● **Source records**
Content starts
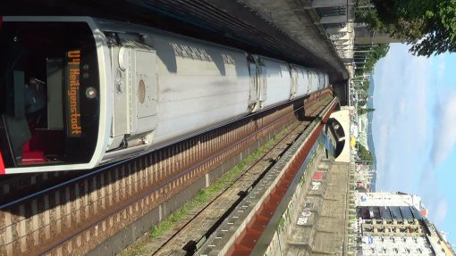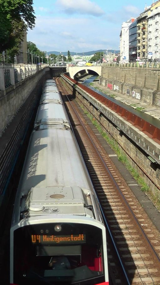 The subway line U4 going eastwards (approaching the camera position), between the stations Schönbrunn and Pilgramgasse. This is a V type train, first delivery in 2000.
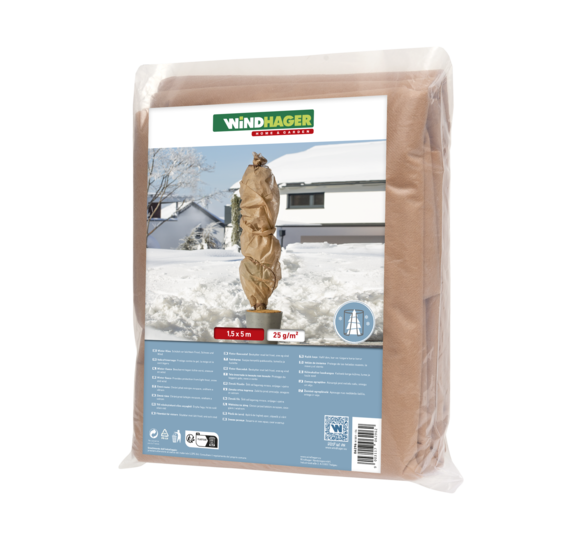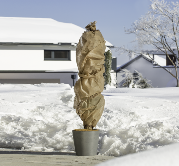 Ein Wintervlies hilft dabei, Topfpflanzen, (Jung-)Bäume und Sträucher im Garten während der kalten Jahreszeit vor Frost und Wind zu schützen. Im späten Herbst, kurz bevor der Winter einkehrt, gilt es die Pflanzen gut einzupacken. Zweige und sperrige Pflanzen können, vor dem Umwickeln mit dem Wintervlies, mit einer Schnur, wie zum Beispiel dem Kokos-Baumanbinder von Windhager, zusammengebunden werden. Danach klappt das Umwickeln mit dem Wintervlies schnell und unkompliziert. Achten Sie darauf, dass die gesamte Pflanze bedeckt ist und keine Zweige oder Blätter mehr sichtbar sind. Für optimalen Schutz sollte das Vlies mehrmals um die gesamte Pflanze gewickelt werden. Befestigen Sie das Wintervlies anschließend zum Beispiel mit einer Bindeschnur, damit die Pflanzen den ganzen Winter über zuverlässig geschützt bleiben. Passendes Bindezubehör finden Sie ebenfalls im Windhager-Sortiment. Bei Kübelpflanzen sollte auch der Topf geschützt werden. Das funktioniert schnell und unkompliziert mit dem Windhager-Topfschutz. Für rundum gut geschützte Pflanzen können Sie den Topf zusätzlich auf eine Topfunterlage stellen.
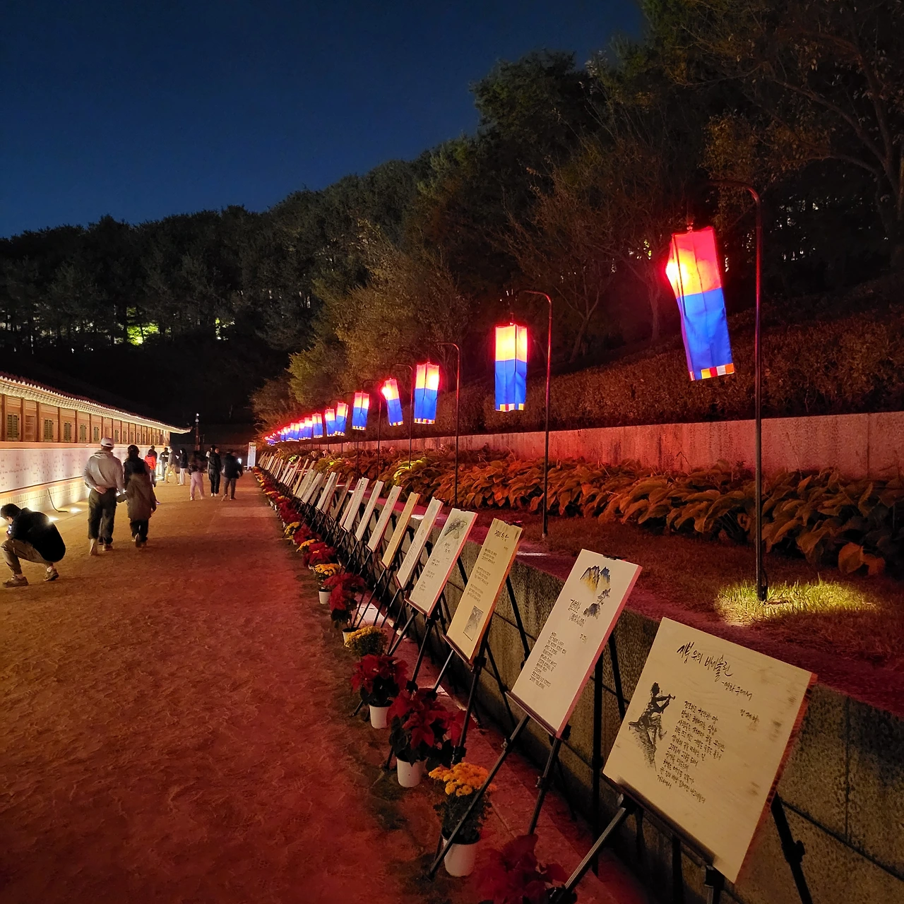 뒷마당으로 이어진 산길에는 청사초롱이 길을 밝히고 있었다. 소나무로 둘러싸인 이러타할 조명이 없는 곳을 청사초롱의 불빛을 따라 걷는 것은 하마터면 엄청 무서울 뻔했으나, 많은 사람들이 밀려 다니는 바람에 무섭지는 않았다. 인파 때문에 고즈넉함을 느낄 수 없는게 아쉬웠지만, 문득 이 사람들 모두가 좀비가 되어 산을 오르는 것 같은 상상에 재미있었다. 핼러윈 분위기를 고궁에서 느끼다니. 넷플릭스를 너무 많이 봤구나 생각하면서도 아이들과 좀비 흉내를 내며 사진도 찍었다. 언덕 산책을 마치고 내려와 어두운 행궁을 천천히 느끼다 밖으로 나왔다.
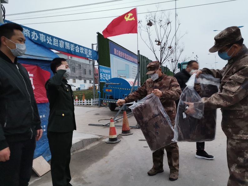 在淮河路辦事處趙寨居委會執(zhí)勤點(diǎn),探親在家兩名現(xiàn)役戰(zhàn)士趙為為、趙繼周疫情發(fā)生后堅(jiān)持在防控一線執(zhí)勤點(diǎn)執(zhí)勤。當(dāng)晚6時(shí)許,天色漸黑,了解到這一情況后,部長和政委依然驅(qū)車趕到現(xiàn)場,詳細(xì)了解兩名戰(zhàn)士的服役情況,并給他倆每人送了一件軍用大衣,提醒注意自身安全,有啥需求第一時(shí)間和武裝部溝通聯(lián)系。
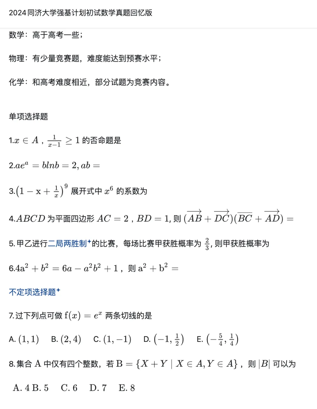 1:同济大学强基计划数学+物理2023-2025年强基计划笔试题及解析
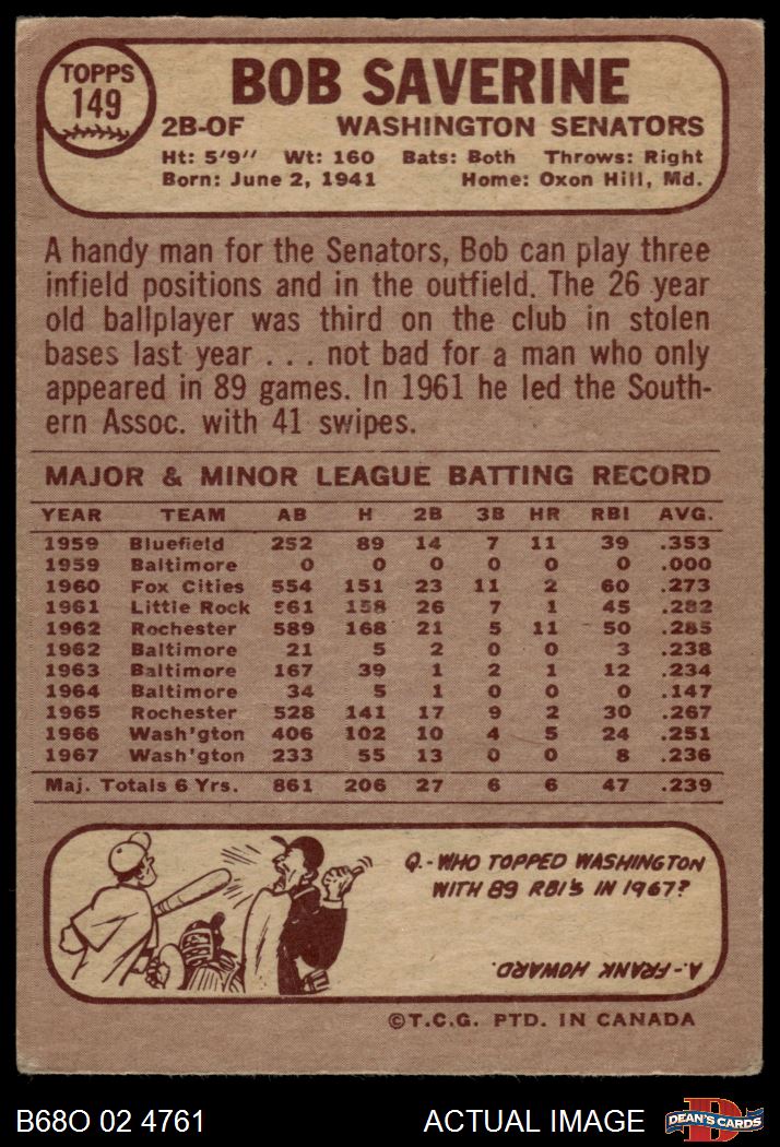 1968 O-Pee-Chee #149 Bob Saverine 4 - VG/EX
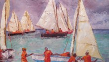 The sky is violet grey, maybe getting ready to be violent, but a streak of sunshine comes in from the west to illuminate the sails. The sailing continues.
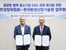 동반성장위원회(위원장 오영교)와 한국환경산업기술원(원장 최흥진)은 20일 오후 ‘공급망 협력 중소기업의 환경-사회-투명경영(ESG) 경쟁력 강화’를 위한 업무협약을 체결했다.
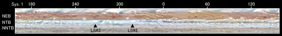 LS#2後方のI=0〜180°では、北温帯縞(NTB)が濃く幅のあるベルトとして復活しています。 その後方は北へ下がってNTB北組織(NTBn)に変化しながら、LS#3の北を通り、木星面を一周しています。
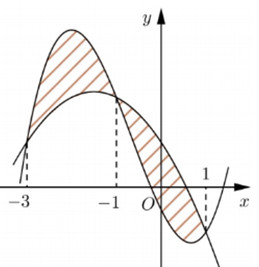 Cho hai hàm số \(f(x) = a{x^3} + b{x^2} + cx - \dfrac{1}{2}\) và \(g(x) = d{x^2} + ex + 1\) \((a,b,c,d,e \in \mathbb{R})\). Biết rằng đồ thị của hàm số \(y = f(x)\) và \(y = g(x)\) cắt nhau tại ba điểm có hoành độ lần lượt là \( - 3; - 1;1\) (tham khảo hình vẽ). Hình phẳng giới hạn bởi hai đồ thị đã cho có diện tích bằng
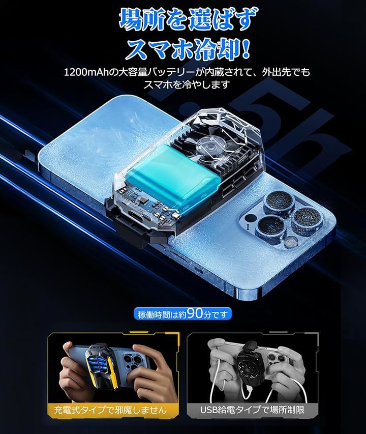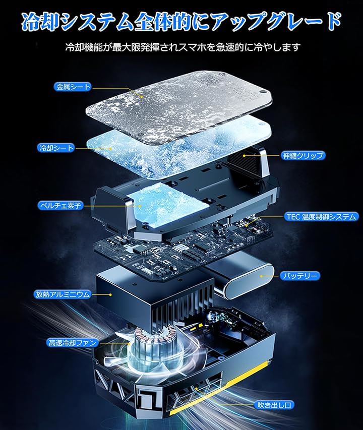 AF31 スマホ冷却ファン ペルチェ素子 スマホクーラー バッテリー内蔵 半導体冷却 小型 静音 Android/iPhone機種に適合 実況専用 ゲーム専用 スマホ熱対策 1200mAh
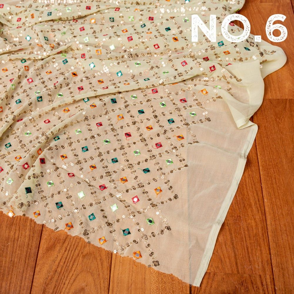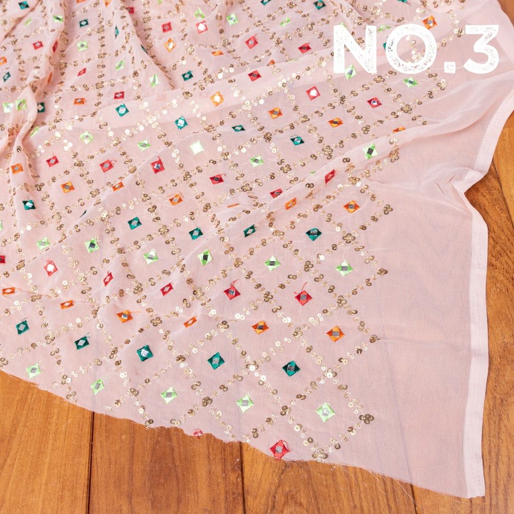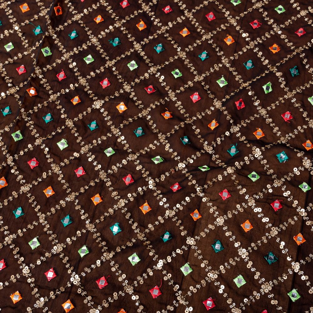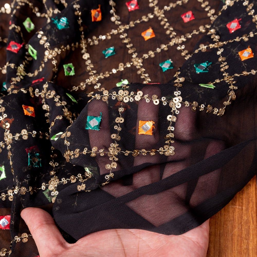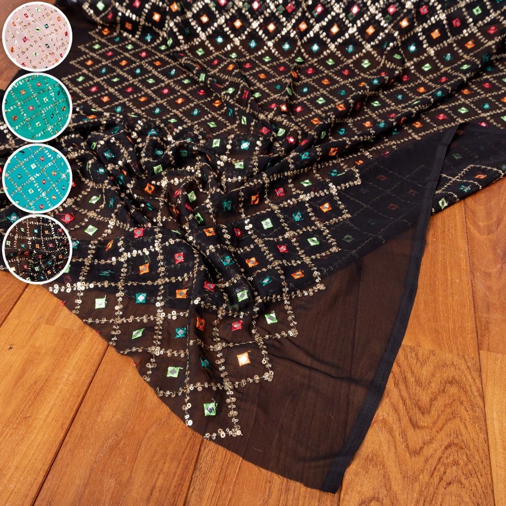 インドからやってきたシンプルだけどありそうでない、メッシュ生地の布です。スパンコールや刺繍など、インドらしい輝く装飾が施されていて、光を受けると華やかな雰囲気に。
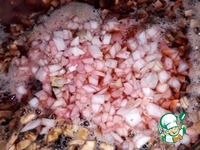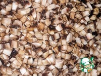 Порезать мелко грибы и высыпать их в сковороду. Залить водой и тушить;
Content ends
● **What is required**
The entries above need an exact copy without their pictures.

● **Solution**
 The subway line U4 going eastwards (approaching the camera position), between the stations Schönbrunn and Pilgramgasse. This is a V type train, first delivery in 2000.
 Ein Wintervlies hilft dabei, Topfpflanzen, (Jung-)Bäume und Sträucher im Garten während der kalten Jahreszeit vor Frost und Wind zu schützen. Im späten Herbst, kurz bevor der Winter einkehrt, gilt es die Pflanzen gut einzupacken. Zweige und sperrige Pflanzen können, vor dem Umwickeln mit dem Wintervlies, mit einer Schnur, wie zum Beispiel dem Kokos-Baumanbinder von Windhager, zusammengebunden werden. Danach klappt das Umwickeln mit dem Wintervlies schnell und unkompliziert. Achten Sie darauf, dass die gesamte Pflanze bedeckt ist und keine Zweige oder Blätter mehr sichtbar sind. Für optimalen Schutz sollte das Vlies mehrmals um die gesamte Pflanze gewickelt werden. Befestigen Sie das Wintervlies anschließend zum Beispiel mit einer Bindeschnur, damit die Pflanzen den ganzen Winter über zuverlässig geschützt bleiben. Passendes Bindezubehör finden Sie ebenfalls im Windhager-Sortiment. Bei Kübelpflanzen sollte auch der Topf geschützt werden. Das funktioniert schnell und unkompliziert mit dem Windhager-Topfschutz. Für rundum gut geschützte Pflanzen können Sie den Topf zusätzlich auf eine Topfunterlage stellen.
 뒷마당으로 이어진 산길에는 청사초롱이 길을 밝히고 있었다. 소나무로 둘러싸인 이러타할 조명이 없는 곳을 청사초롱의 불빛을 따라 걷는 것은 하마터면 엄청 무서울 뻔했으나, 많은 사람들이 밀려 다니는 바람에 무섭지는 않았다. 인파 때문에 고즈넉함을 느낄 수 없는게 아쉬웠지만, 문득 이 사람들 모두가 좀비가 되어 산을 오르는 것 같은 상상에 재미있었다. 핼러윈 분위기를 고궁에서 느끼다니. 넷플릭스를 너무 많이 봤구나 생각하면서도 아이들과 좀비 흉내를 내며 사진도 찍었다. 언덕 산책을 마치고 내려와 어두운 행궁을 천천히 느끼다 밖으로 나왔다.
 在淮河路辦事處趙寨居委會執(zhí)勤點(diǎn),探親在家兩名現(xiàn)役戰(zhàn)士趙為為、趙繼周疫情發(fā)生后堅(jiān)持在防控一線執(zhí)勤點(diǎn)執(zhí)勤。當(dāng)晚6時(shí)許,天色漸黑,了解到這一情況后,部長和政委依然驅(qū)車趕到現(xiàn)場,詳細(xì)了解兩名戰(zhàn)士的服役情況,并給他倆每人送了一件軍用大衣,提醒注意自身安全,有啥需求第一時(shí)間和武裝部溝通聯(lián)系。
 1:同济大学强基计划数学+物理2023-2025年强基计划笔试题及解析
 1968 O-Pee-Chee #149 Bob Saverine 4 - VG/EX
 The sky is violet grey, maybe getting ready to be violent, but a streak of sunshine comes in from the west to illuminate the sails. The sailing continues.
 동반성장위원회(위원장 오영교)와 한국환경산업기술원(원장 최흥진)은 20일 오후 ‘공급망 협력 중소기업의 환경-사회-투명경영(ESG) 경쟁력 강화’를 위한 업무협약을 체결했다.
 LS#2後方のI=0〜180°では、北温帯縞(NTB)が濃く幅のあるベルトとして復活しています。 その後方は北へ下がってNTB北組織(NTBn)に変化しながら、LS#3の北を通り、木星面を一周しています。
 Cho hai hàm số \(f(x) = a{x^3} + b{x^2} + cx - \dfrac{1}{2}\) và \(g(x) = d{x^2} + ex + 1\) \((a,b,c,d,e \in \mathbb{R})\). Biết rằng đồ thị của hàm số \(y = f(x)\) và \(y = g(x)\) cắt nhau tại ba điểm có hoành độ lần lượt là \( - 3; - 1;1\) (tham khảo hình vẽ). Hình phẳng giới hạn bởi hai đồ thị đã cho có diện tích bằng
 AF31 スマホ冷却ファン ペルチェ素子 スマホクーラー バッテリー内蔵 半導体冷却 小型 静音 Android/iPhone機種に適合 実況専用 ゲーム専用 スマホ熱対策 1200mAh
 インドからやってきたシンプルだけどありそうでない、メッシュ生地の布です。スパンコールや刺繍など、インドらしい輝く装飾が施されていて、光を受けると華やかな雰囲気に。
 Порезать мелко грибы и высыпать их в сковороду. Залить водой и тушить;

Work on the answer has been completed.